第1話 “悪” 後編
キーンコーンカーンコーン
学校のチャイムが鳴り響く。時刻はお昼時。学業に勤しむ学生達は昼食を食べ、それぞれ休み時間を楽しんでいる。そんな中、霧島詠子は疲弊していた。
「ホントに…なんなのよ…。」
休み時間に休息をとれなかったのだ。というのも、全ては魔物達のせいである。休み時間毎に付近に現れては、速やかに倒される。一体一体は大して強くはない。しかし、こうも何回も相手をしていると、魔具のサポートがあったとしても疲弊するものである。
「…!…また!?」
急いで気配を感じた体育館に向かうと、体育館裏で魔物が待っていた。まるで、来て欲しいと言っているような態度で待ち構えていた。
「へへへのへ。来よったな嬢ちゃん。今度はワイが相手やで。堪忍しぃや。」
「さっきから何度も何度も…いい加減にしてよ!」
一瞬で変身し、魔具を構える。魔具のサイズは疲弊のせいか小さく、腕くらいにしかならない。

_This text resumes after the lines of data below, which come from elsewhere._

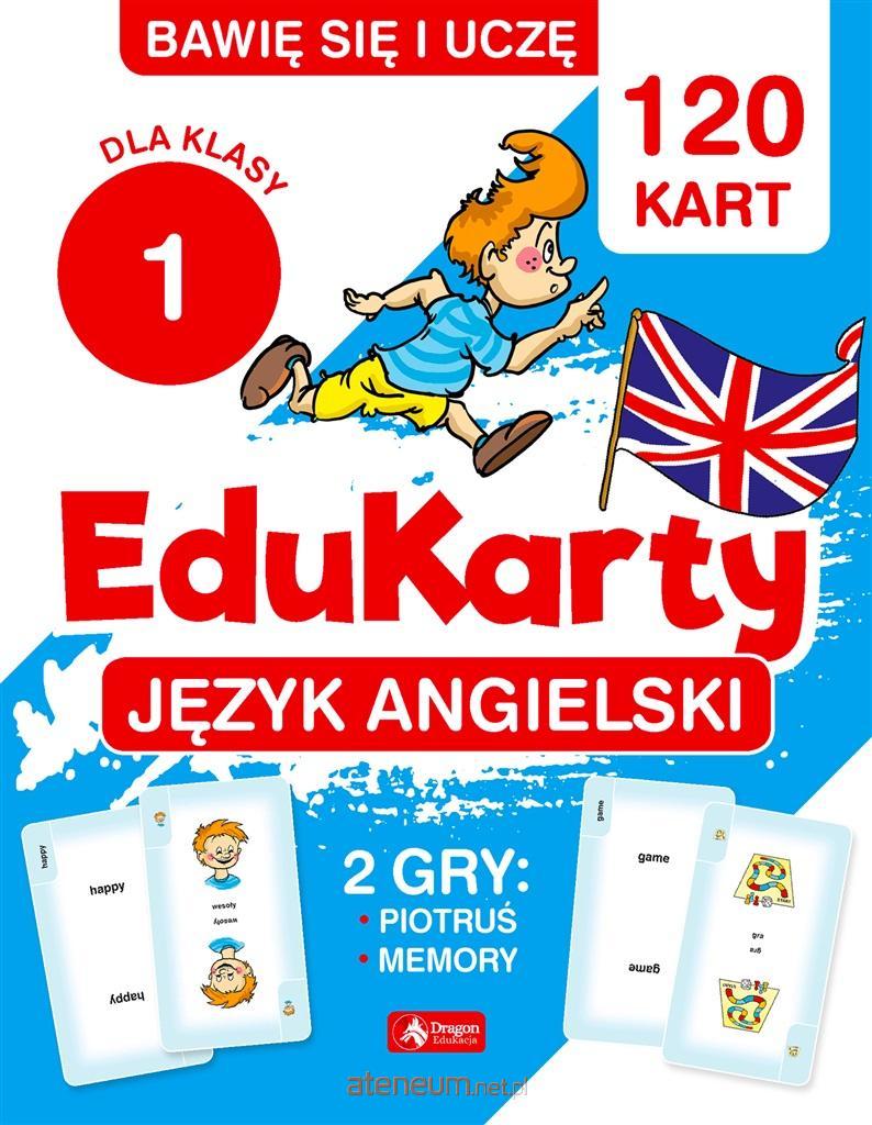 EduKarty. Język angielski to pomoc w nauce słownictwa języka angielskiego dla dzieci w klasach od zerówki do trzeciej. Zestaw przeznaczony jest do nauki w domu, w szkole i podczas kursów językowych. Zakres słownictwa obejmuje takie tematy jak części ciała, zabawki, szkoła, liczby, kolory czy pogoda. Zestaw zawiera: 120 kart, w tym 60 kart ze słówkami i 60 kart z ilustracjami. EduKarty zawierają także specjalny zestaw ćwiczeń-zabaw, które trenują mózg, aby lepiej się uczyć i łatwiej zapamiętywać materiał. 1 stronę z opisem gier i słowniczkiem
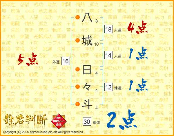 八城日々斗さんの総運は30画の2点!
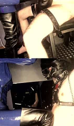 Femdom latex babe handling incel
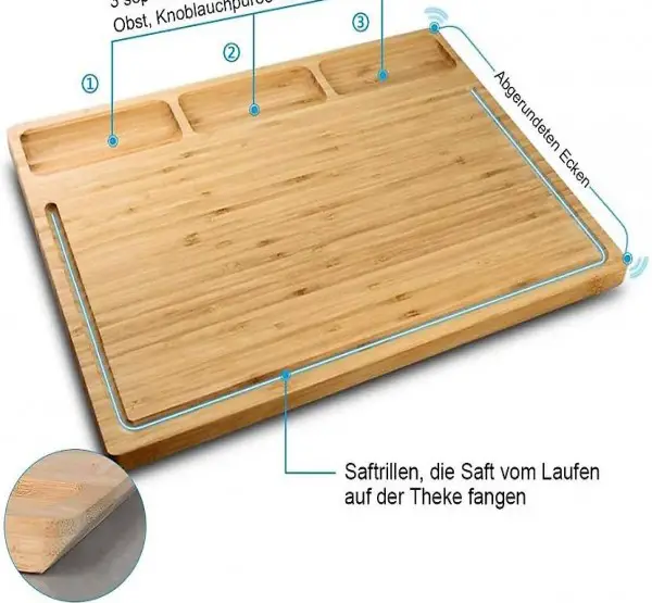 BIO-BAMBUS, BPA-FREI: Dieses Küchenschneidebrett besteht aus 100% natürlichem Bambus, BPA-frei. Die Platte ist gut poliert mit einer glatten Oberfläche
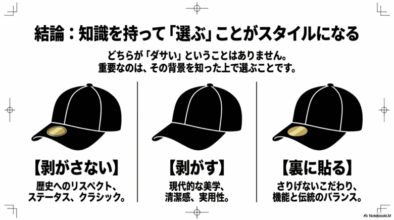 結論として、ニューエラのシール付きキャップを「剥がすか残すか」という問いに、唯一無二の正解は存在しません .
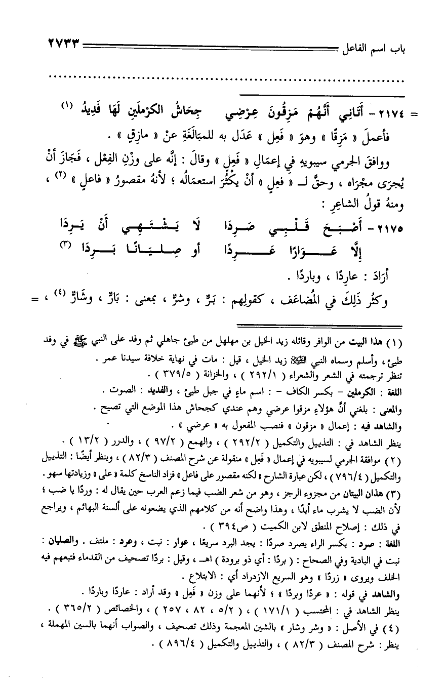 (¬2) موافقة الجرمي لسيبويه في إعمال «فعل» منقولة عن شرح المصنف (3/ 82)، وينظر أيضا: التذييل والتكميل (4/ 796)، لكن عبارة الشارح «لكنه مقصور على فاعل» فزاد الناسخ كلمة «على» وزيادتها سهو.
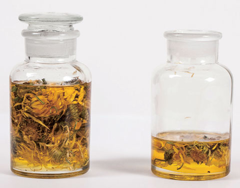 2. 注意比例的調製:1公升的基底油約需要100克的乾燥金盞花瓣,依此類推。
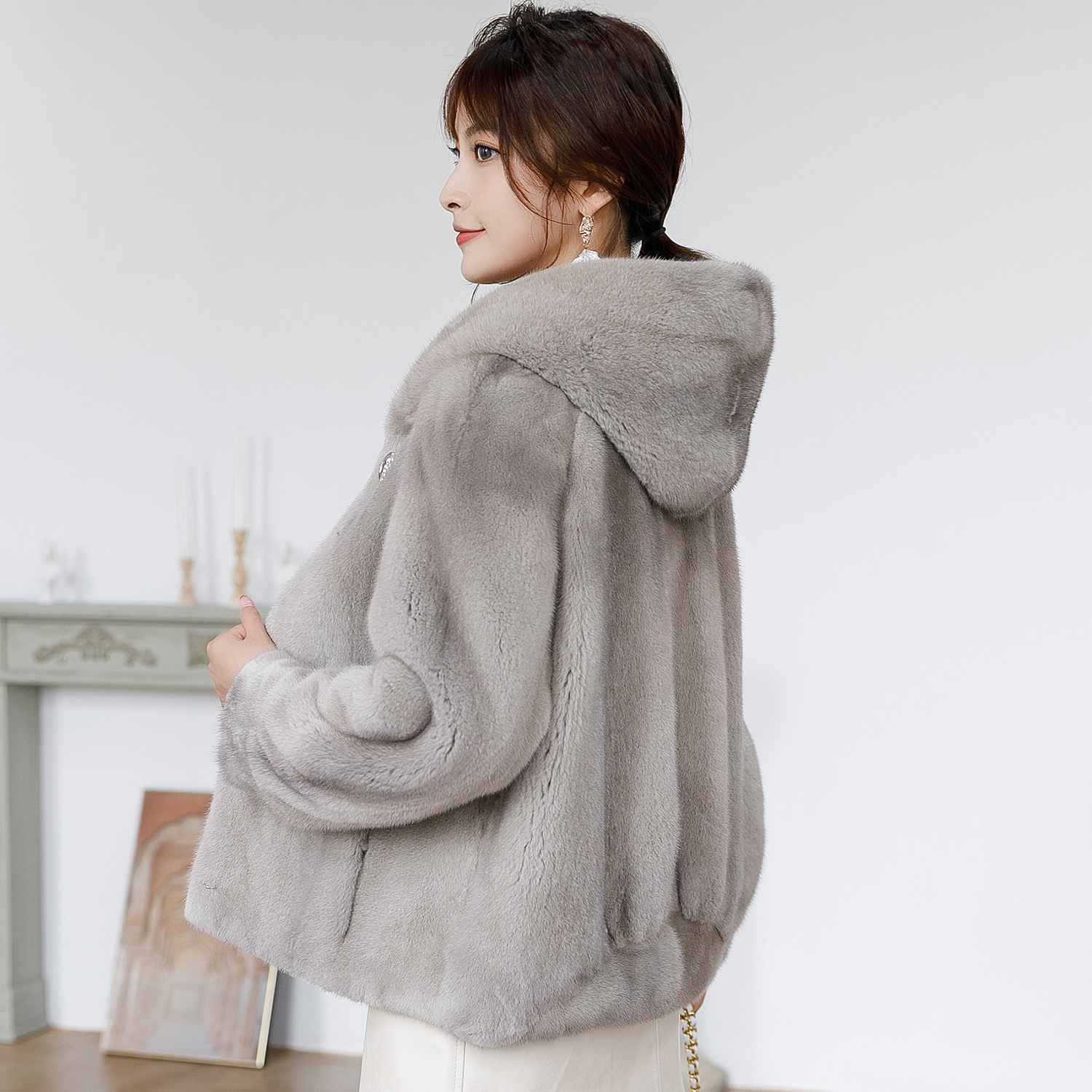 Winter 2021 new imported mink coat women's whole mink hooded fur fashion short mink fur coat

「へへ、なんや魔力切れ寸前か?情けない魔法少女やなぁ。」
「う、煩い!あんたなんてこれで充分だから!」
「ほぅ…強がりな嬢ちゃんやなぁ。ま、ワイが有利になるんならえぇわ。」
魔具が一日に扱える魔力には限度があり、それを超過すると魔力切れという状態となり、変身すら出来なくなる。だから彼女は、力を抑えて戦わなければならないのである。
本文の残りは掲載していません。